Disebutkan bahwa akuisisi di sektor perbankan masih menjadi hal yang agresif serta menarik untuk dilakukan meski membutuhkan dana yang tidak sedikit. “Sudah banyak potret, misal Bank Permata dengan Standard Chartered, Bank OCBC dengan Bank NISP, dan lain-lain,” ucap Lucky, Selasa (18 Oktober 2016).

Menurutnya dengan melakukan merger tersebut maka nilai aset dan buku Bank HSBC akan bertambah, sedangkan bagi Bank Ekonomi sendiri akan mengalami pertumbuhan yang diinginkan. “Ini yang jadi intisari penggabungan. Ke depan, meski terjadi koreksi, saya rasa itu sulit,” tutur beliau.
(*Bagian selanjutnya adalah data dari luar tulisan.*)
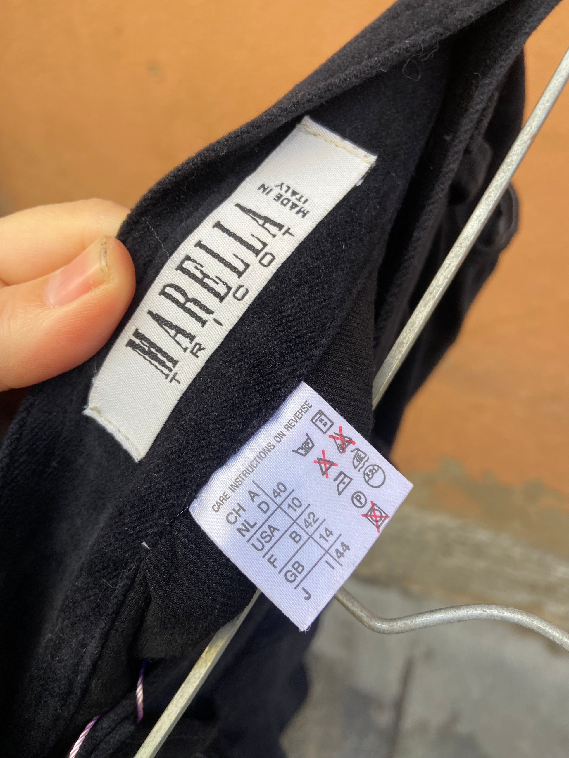 Minigonna Marella tricot anni 90 in velluto nero liscio, puro cotone, taglia 44, indicata consiglio taglia 42, cerniera, bottoni e tasche sul retro, condizioni ottime come nuova

Merger Bank HSBC dan Bank Ekonomi

Merger Bank HSBC dan Bank Ekonomi

Penggabungan kedua bank besar tersebut di Indonesia rencananya akan selesai pada triwulan kedua 2017. Lucky juga mengatakan bahwa apabila bank ini nantinya akan membidik sektor UMKM (Usaha Mikro Kecil Menengah), maka mereka harus siap dengan segmen usaha yang spesifik dan jelas karena di sektor tersebut terdapat Bank Rakyat Indonesia (BRI) yang terbukti memiliki marketshare paling besar. Tapi ketika berbicara soal segmentasi, belum pasti bahwa keberhasilan BRI itu dapat sesuai dengan segmennya.

Kesimpulannya, menurut beliau, UMKM bisa saja memperoleh pinjaman dari BRI, akan tetapi akan ada perbedaan pangsa pasar misalnya dari persaingan bunga jika HSBC masuk ke sektor tersebut. Dan jika ingin menarget sektor UMKM ke depan, maka harus pandai dalam menyiasati soal NPL (Non-Performing Loan) sehingga tidak makin tinggi.

“Kelalaian bank tidak menjaga NPL-nya. Kalau dilihat tidak prospektif, ya harus dihindari,” kata Lucky.